Шишков, так же как и Фотий, предлагал Александру роль спасителя Отечества от скверны. Симптоматично, что и здесь Европа оказывается в антитезе России: «Одно слово Твое, один взор рассеет в царстве Твоем всех вольнодумцев, учеников чужих земель. Они почувствуют заблуждение свое и обратятся на правый путь. Престол Твой оградится вернейшими Тебе сердцами, и чужеземные козни не посмеют и приблизиться к пределам Твоего царства. Ты защитил народ Свой от вооружившейся на него Европы, Ты спасешь его от сильнейшего врага – адского духа, устремляющегося искоренить в нем веру и все добродетели. Твой народ возлюбил Тебя, чуждые страны прославят, потомство будет Тебе благодарно, и Бог, по долговременной жизни Твоей, примет Тебя в Свои объятия» [51, с. 79].

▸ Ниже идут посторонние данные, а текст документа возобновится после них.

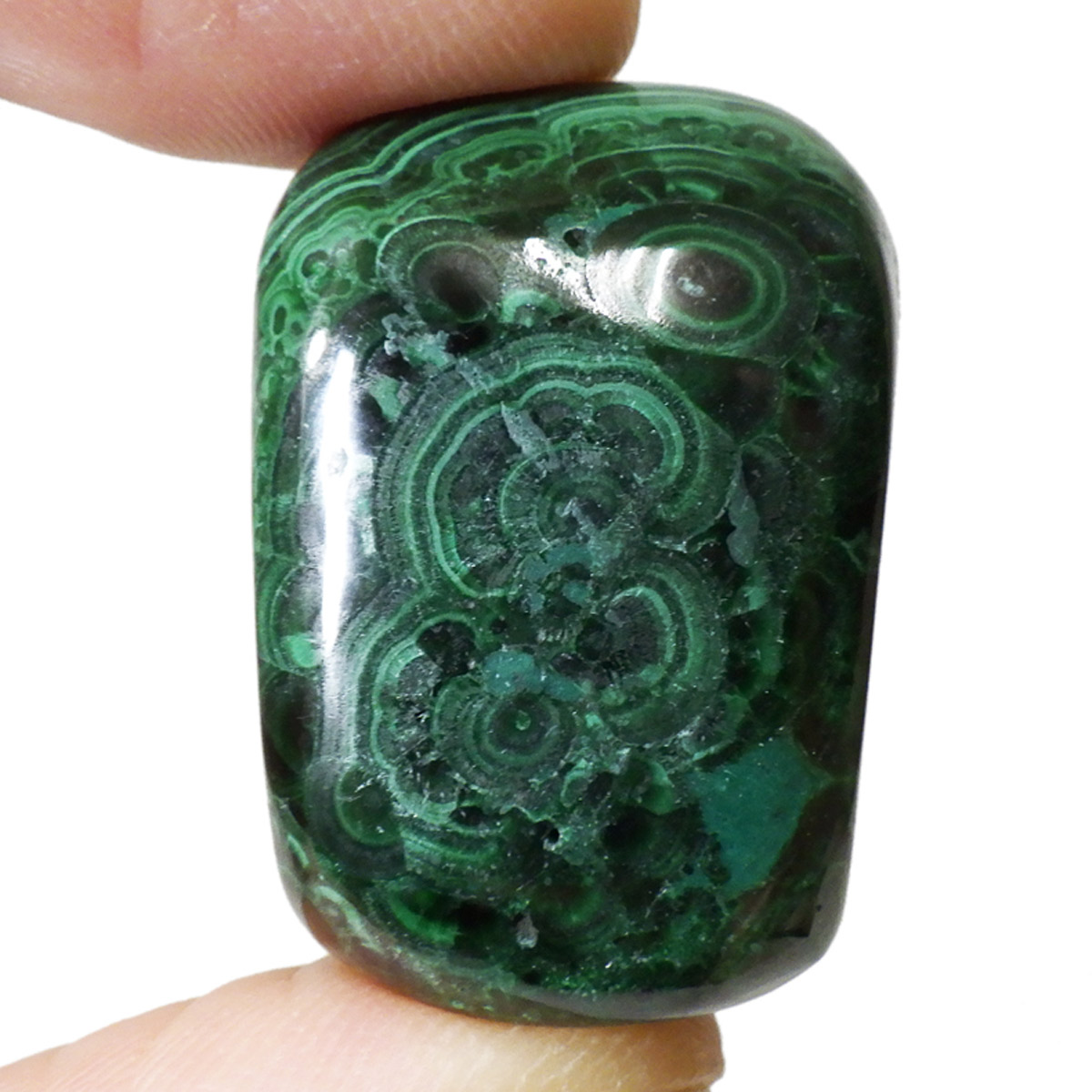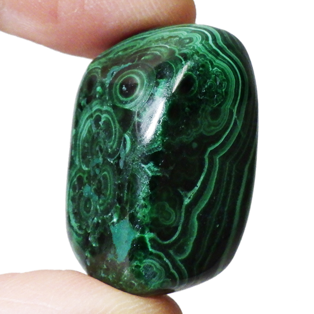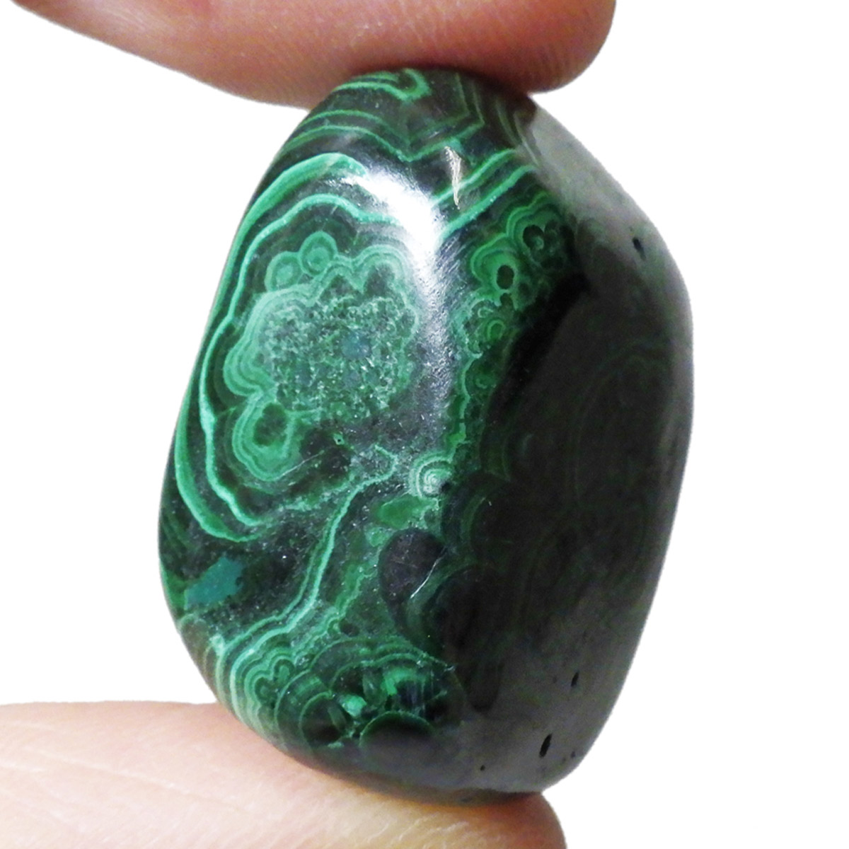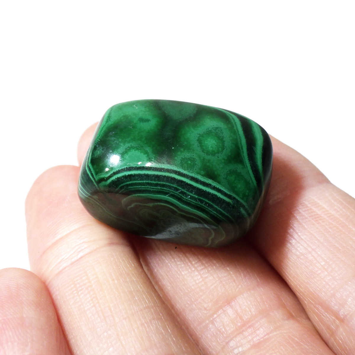 コンゴ産のマラカイト、タンブルです。濃いグリーンカラーに独特の模様を持つマラカイト。 「マラカイトグリーン」という色名になっているほど、特徴的で美しい緑色です。 マラカイトの産地はアメリカ・ロシア・コンゴ・ザンビアなどですが、中でもコンゴ産のマラカイトは非常に美しいものが採れるため、コレクターからも支持されています。
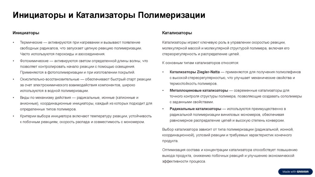 Инициаторы и Катализаторы ПолимеризацииИнициаторы
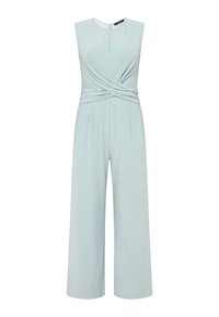 Jumpsuit verde senza maniche con dettaglio in vita annodato, scollatura a chiave e gambe ampie. Tessuto leggero e liscio con un aspetto drappeggiato.

Когда в 1824 г. Голицын был отстранен почти от всех занимаемых им должностей, место министра народного просвещения занял именно Шишков, как некогда он же занял место Сперанского.
Нет сомнения, что император Александр I не был сторонним наблюдателем борьбы возле престола, напротив, находясь между двух лагерей, он умело лавировал между ними. Двуличие «северного сфинкса» неоднократно описано в исследованиях и мемуарах. Историк В.О. Ключевский искал его истоки в детских годах цесаревича: «Александру вечно приходилось вращаться между двумя противоположными течениями, из коих ни одно не было ему попутным, стоять между двумя противоречиями, подвергаясь опасности стать третьим, попасть в разлад с самим собой» [21, с. 192].

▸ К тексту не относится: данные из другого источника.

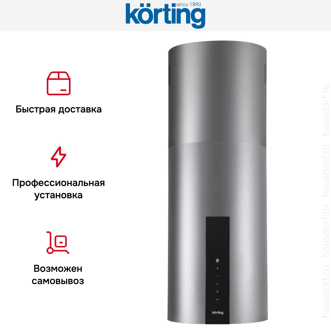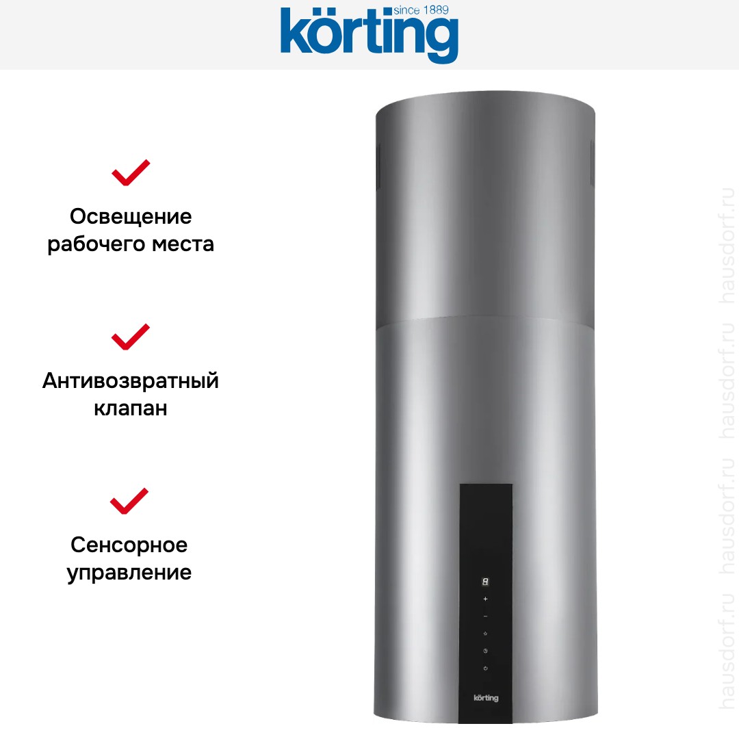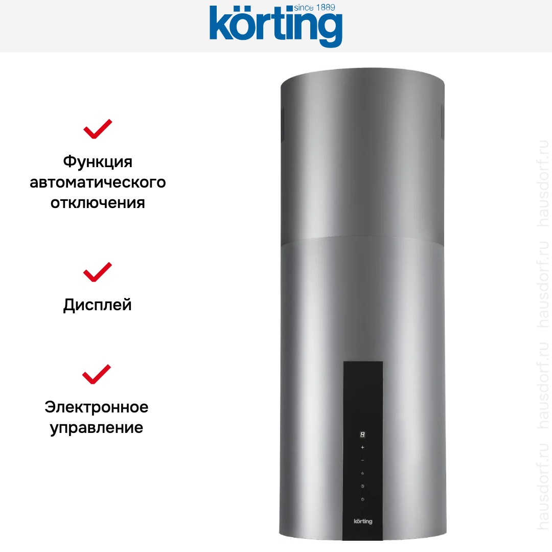 Островная вытяжка Korting KHA 35808 DX Cylinder создана для тех, кто ценит современный дизайн и практичность на кухне. Она выполнена из нержавеющей стали и выглядит сдержанно и элегантно в любом интерьере. Цилиндрическая форма корпуса выгодно подчеркивает центральную зону кухни и создаёт эффект парящей над плитой конструкции. Компактная ширина и глубина 35,15 см делают прибор подходящим для островов разного формата, не перегружая пространство.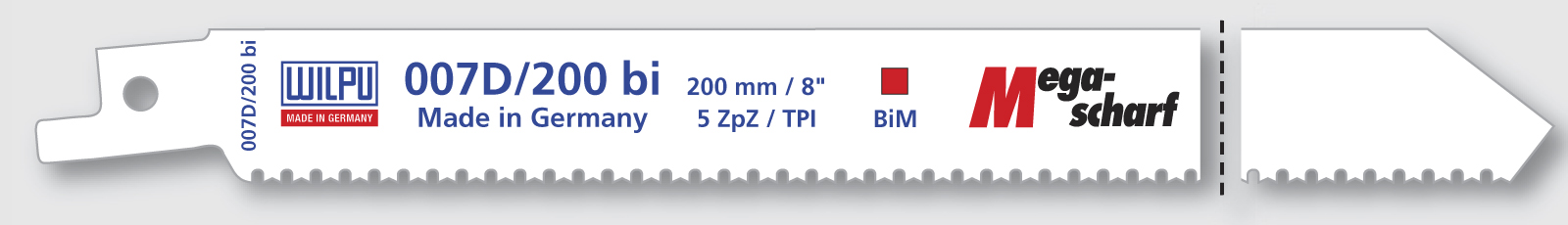 Пилки для сабельной пилы 007 D/200 bi, рез180 мм, М-зуб, для стали, цвет.металлов 2,5-10мм (5шт/упак.) WILPU /Германия/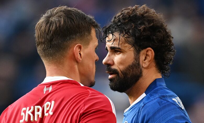 Diego Costa může být v důchodu, ale neztratil žádný z oheň, který ukázal ve svých hracích dnech, a kopl na bývalé liverpool pravý zpět Martin Kelly v zápase Chelsea vs Liverpool Legends.

М.М. Сперанский в адресованной Александру I оправдательной записке 1813 г. приписывал такое поведение императора «общему мнению», которое заставляет императора поступать неправильно: «Исполнители, коих Ваше Величество употребляли в сем деле (составлении “твердых законов”, реформах), каждый попеременно в свою очередь, были предметом зависти, клеветы и злословия в большей или меньшей степени». И далее: «Не попустите, Всемилостивейший Государь, чтобы система ложных страхов и подозрений – система, коею, как я догадываюсь, ищут уловить внимание Вашего Величества, – что система сия, всегда приводившая Государей к бесславию, а Государства к бедствиям, превозмогла над достоинством морального Вашего характера» [42, с. 33, 44].

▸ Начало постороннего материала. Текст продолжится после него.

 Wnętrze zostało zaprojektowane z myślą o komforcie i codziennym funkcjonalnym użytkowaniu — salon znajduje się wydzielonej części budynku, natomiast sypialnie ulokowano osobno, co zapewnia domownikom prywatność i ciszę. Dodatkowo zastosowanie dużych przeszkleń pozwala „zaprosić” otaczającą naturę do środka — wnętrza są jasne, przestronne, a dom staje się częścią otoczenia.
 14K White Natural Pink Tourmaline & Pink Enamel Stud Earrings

«Система», о которой пишет Сперанский, не была внешней по отношению к Александру, и ближайшее окружение царя это видело уже в начале его правления. Граф Строганов, размышляя о характере своего царственного друга, писал жене в феврале 1806 г.: «Я жалею его, что он имеет такой характер, который будет причиной того, что он никогда не сможет найти верных слуг и всегда будет одурачен шарлатанами и будет жертвой интриг. Его слабость – причина нестабильности его системы, и я не стал бы утверждать, что не она управляет нашим отечеством» [33, с. 199]18
.Глава австрийской дипломатии К.-В. Меттерних отмечал в донесении императору Францу I в августе 1817 г.: «Ваше величество, без сомнения убеждены издавна, что ум императора Александра неспособен твердо придерживаться одного и того же круга идей» [55, p. 54]. Но вряд ли дело было в неспособности императора, в слабости его характера. «Молодой государь <…> отлично разбирался между разными личностями и умел вовремя выдвинуть того или другого деятеля, оставаясь лично как бы в стороне и не оказывая наружного предпочтения любимцу данной минуты», – замечал великий князь Николай Михайлович [34, с. 26].
Александр никогда не одаривал всем своим доверием какую-либо одну придворную партию, а, по меткому выражению А.А. Кизеветтера, «становился в свою любимую позу между двух противоположных течений» [20, с. 340]19
. Он, подобно пушкинскому Онегину, все время менял маски:Традиционно противопоставляют «дней Александровых прекрасное начало» и послевоенную эпоху, когда император Александр в поисках мистического озарения оставил дела государственные и в стране наступила темная реакция. Однако с точки зрения придворной борьбы, проходящей в разные периоды Александровского правления, подобная оценка не может быть зафиксирована однозначно. Наоборот, ярко выражена преемственность между дискурсивными моделями, которые перетекали из одного периода царствования в другой.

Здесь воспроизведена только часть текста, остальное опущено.